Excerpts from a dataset
###

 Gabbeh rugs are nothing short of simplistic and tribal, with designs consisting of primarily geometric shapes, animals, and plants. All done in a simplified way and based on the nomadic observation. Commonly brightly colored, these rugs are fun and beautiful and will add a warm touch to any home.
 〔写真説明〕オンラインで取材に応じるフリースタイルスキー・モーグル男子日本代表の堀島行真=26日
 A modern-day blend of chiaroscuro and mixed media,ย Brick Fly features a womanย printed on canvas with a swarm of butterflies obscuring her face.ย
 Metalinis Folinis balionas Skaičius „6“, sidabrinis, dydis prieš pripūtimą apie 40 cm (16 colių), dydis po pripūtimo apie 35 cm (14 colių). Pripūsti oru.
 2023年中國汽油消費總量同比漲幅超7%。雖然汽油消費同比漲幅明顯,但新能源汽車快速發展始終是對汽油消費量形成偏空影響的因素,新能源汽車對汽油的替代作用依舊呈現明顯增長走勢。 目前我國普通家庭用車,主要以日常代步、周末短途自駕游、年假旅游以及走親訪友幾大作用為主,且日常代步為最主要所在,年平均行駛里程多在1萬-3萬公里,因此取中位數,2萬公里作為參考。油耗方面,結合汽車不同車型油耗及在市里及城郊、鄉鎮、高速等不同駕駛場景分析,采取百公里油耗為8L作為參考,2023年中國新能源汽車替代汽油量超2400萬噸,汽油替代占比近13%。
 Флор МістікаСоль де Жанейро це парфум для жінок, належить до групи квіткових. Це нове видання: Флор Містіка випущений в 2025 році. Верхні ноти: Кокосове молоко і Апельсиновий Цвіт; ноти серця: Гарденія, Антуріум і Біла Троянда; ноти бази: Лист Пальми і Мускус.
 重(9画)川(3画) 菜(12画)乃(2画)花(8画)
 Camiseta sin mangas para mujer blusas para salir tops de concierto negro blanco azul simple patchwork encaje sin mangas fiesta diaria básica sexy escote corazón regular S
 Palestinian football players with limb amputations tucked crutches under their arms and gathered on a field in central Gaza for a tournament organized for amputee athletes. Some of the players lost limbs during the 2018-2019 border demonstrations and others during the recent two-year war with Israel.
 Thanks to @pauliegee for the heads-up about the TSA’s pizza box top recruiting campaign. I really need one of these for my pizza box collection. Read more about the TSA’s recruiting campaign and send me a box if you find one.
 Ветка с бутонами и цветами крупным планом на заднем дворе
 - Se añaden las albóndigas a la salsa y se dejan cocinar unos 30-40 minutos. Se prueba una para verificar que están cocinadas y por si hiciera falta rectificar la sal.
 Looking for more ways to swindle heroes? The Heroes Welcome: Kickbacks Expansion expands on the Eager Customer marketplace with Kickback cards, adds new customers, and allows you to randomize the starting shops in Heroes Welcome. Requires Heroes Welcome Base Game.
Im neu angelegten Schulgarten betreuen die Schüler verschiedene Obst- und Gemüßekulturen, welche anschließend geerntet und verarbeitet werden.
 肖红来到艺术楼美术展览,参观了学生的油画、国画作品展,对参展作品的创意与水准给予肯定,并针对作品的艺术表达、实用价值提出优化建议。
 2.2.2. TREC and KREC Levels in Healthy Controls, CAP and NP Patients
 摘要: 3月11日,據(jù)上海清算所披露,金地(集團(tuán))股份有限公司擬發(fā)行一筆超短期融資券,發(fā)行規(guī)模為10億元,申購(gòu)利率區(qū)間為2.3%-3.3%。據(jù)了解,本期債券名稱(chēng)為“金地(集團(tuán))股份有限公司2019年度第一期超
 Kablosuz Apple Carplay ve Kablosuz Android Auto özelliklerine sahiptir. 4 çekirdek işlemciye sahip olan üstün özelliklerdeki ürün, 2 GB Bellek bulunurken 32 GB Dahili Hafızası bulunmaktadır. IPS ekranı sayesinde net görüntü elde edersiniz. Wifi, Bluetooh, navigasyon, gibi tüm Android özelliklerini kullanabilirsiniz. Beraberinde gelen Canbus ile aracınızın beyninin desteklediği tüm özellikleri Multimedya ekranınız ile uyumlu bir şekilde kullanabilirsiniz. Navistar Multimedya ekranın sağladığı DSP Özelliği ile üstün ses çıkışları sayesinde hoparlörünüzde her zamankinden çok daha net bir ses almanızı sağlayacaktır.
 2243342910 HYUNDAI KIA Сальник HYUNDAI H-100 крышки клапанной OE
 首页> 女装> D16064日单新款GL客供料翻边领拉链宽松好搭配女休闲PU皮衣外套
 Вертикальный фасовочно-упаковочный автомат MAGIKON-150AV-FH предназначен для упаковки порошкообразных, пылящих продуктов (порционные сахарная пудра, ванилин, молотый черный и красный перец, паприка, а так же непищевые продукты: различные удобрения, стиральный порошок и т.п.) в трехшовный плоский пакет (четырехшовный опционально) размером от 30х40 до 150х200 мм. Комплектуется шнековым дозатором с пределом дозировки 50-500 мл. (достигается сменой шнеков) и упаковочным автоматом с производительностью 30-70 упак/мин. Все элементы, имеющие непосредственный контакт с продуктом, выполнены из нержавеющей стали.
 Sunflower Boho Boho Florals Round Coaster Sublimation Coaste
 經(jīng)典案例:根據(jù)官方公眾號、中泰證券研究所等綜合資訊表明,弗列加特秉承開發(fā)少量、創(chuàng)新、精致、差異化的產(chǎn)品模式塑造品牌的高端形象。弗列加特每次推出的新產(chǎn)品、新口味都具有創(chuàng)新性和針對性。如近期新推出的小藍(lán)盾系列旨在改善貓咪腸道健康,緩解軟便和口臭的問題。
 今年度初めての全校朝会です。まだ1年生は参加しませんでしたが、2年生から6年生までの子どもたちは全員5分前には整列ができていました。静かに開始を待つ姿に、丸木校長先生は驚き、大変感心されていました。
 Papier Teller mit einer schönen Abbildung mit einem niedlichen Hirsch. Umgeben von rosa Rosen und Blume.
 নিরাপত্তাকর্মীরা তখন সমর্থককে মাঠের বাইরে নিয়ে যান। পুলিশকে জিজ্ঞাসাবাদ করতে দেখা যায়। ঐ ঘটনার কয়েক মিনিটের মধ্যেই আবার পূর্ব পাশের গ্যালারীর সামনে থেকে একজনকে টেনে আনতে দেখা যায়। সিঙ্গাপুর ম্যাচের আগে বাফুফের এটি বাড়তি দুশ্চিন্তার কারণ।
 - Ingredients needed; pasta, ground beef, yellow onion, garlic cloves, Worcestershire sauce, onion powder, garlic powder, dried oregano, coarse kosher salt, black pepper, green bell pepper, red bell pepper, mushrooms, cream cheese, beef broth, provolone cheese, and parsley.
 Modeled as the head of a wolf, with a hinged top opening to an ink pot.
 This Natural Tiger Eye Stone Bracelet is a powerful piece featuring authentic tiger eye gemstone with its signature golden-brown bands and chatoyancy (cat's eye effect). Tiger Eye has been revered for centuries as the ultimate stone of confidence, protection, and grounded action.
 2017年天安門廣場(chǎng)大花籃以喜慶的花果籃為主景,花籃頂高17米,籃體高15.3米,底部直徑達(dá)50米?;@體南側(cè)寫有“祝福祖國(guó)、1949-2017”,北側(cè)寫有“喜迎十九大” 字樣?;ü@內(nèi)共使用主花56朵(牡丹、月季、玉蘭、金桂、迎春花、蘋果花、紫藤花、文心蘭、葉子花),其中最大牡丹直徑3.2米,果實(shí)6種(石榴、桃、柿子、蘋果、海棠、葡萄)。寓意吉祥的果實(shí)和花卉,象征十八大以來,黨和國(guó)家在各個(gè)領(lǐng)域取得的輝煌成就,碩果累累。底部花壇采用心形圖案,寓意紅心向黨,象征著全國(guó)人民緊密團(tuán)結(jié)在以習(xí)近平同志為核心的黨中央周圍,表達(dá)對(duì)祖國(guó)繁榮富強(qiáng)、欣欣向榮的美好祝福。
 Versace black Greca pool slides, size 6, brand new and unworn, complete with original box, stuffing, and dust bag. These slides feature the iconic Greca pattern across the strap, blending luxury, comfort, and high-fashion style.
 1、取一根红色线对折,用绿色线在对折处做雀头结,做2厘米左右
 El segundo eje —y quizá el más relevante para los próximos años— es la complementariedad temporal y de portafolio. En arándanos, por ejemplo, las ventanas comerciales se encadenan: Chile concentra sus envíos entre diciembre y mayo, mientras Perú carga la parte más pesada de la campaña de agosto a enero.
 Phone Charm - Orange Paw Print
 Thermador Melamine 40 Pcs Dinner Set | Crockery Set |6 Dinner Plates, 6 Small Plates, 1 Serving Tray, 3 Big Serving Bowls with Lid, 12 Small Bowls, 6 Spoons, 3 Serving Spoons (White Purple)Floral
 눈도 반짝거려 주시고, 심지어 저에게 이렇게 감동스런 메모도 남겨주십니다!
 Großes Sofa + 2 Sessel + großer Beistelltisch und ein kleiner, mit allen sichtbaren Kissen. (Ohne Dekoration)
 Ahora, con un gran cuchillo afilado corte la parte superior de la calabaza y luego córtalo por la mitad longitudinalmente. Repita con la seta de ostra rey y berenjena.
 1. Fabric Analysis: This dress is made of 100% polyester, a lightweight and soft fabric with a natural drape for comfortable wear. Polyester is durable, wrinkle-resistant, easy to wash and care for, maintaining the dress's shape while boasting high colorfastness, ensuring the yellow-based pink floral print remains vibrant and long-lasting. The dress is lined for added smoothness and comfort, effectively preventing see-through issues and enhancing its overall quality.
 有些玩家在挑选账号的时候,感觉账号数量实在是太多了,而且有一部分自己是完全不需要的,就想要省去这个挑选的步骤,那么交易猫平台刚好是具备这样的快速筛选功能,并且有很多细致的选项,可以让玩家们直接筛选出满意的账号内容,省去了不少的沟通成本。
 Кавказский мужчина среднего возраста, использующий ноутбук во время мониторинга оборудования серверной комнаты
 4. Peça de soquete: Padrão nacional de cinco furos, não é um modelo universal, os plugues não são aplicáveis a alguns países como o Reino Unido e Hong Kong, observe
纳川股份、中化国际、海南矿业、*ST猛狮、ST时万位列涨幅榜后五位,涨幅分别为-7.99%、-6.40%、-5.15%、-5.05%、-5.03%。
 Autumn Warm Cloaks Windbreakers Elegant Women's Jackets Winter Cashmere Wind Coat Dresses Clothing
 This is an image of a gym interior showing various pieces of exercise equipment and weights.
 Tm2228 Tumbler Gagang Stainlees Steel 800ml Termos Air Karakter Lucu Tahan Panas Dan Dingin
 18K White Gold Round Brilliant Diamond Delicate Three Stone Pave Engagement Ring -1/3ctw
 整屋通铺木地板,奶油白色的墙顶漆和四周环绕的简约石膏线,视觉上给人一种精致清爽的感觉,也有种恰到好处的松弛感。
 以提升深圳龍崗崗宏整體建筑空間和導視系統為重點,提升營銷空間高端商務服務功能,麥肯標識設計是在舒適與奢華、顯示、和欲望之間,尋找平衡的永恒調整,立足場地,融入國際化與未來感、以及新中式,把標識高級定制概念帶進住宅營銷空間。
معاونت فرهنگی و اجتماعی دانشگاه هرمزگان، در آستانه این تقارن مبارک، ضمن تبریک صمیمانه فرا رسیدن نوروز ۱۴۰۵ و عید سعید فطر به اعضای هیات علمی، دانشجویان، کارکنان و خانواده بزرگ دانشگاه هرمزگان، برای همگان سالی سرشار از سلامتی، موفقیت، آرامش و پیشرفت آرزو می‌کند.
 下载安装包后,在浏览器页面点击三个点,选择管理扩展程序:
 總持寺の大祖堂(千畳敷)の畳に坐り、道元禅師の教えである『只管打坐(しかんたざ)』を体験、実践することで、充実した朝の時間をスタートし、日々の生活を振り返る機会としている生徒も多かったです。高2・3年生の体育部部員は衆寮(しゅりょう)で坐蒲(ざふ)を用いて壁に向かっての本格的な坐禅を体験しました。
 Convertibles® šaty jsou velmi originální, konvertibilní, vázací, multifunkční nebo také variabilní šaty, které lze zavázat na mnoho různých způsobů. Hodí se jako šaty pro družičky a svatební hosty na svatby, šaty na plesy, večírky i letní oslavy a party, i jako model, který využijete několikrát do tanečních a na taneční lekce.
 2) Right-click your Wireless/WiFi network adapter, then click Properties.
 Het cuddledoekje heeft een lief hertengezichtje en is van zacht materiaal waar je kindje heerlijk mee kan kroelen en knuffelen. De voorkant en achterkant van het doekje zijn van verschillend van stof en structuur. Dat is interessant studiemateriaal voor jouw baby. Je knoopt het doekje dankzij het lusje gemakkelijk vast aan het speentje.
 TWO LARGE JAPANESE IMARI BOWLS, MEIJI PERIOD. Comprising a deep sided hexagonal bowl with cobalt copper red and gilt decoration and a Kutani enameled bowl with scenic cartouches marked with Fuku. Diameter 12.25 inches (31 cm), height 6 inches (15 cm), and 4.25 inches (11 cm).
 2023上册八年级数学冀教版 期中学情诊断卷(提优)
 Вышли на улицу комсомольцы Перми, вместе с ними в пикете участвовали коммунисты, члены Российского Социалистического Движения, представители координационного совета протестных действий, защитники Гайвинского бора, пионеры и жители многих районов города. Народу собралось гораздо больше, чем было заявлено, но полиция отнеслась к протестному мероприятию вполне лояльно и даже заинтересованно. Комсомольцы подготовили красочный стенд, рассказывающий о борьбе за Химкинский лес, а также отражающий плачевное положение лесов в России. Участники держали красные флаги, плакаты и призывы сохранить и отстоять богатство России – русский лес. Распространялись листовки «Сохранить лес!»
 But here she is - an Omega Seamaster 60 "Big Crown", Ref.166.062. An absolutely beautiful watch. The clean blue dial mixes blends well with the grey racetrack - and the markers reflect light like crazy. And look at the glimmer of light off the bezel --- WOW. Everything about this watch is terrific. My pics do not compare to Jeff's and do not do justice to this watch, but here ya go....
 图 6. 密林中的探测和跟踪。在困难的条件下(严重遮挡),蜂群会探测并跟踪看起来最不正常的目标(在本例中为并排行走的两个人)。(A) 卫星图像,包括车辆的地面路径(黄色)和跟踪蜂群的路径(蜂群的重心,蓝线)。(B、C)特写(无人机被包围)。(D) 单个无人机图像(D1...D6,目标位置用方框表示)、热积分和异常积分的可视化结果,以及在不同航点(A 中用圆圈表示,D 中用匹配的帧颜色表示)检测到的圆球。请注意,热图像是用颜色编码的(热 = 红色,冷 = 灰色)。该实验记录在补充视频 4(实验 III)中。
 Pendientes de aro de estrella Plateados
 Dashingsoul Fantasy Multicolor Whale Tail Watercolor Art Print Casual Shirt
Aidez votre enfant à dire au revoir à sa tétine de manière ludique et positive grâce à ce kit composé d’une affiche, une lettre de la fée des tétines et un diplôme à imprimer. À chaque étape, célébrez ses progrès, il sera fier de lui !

###

The answer should be nothing but the number of lines above that contain "White".

2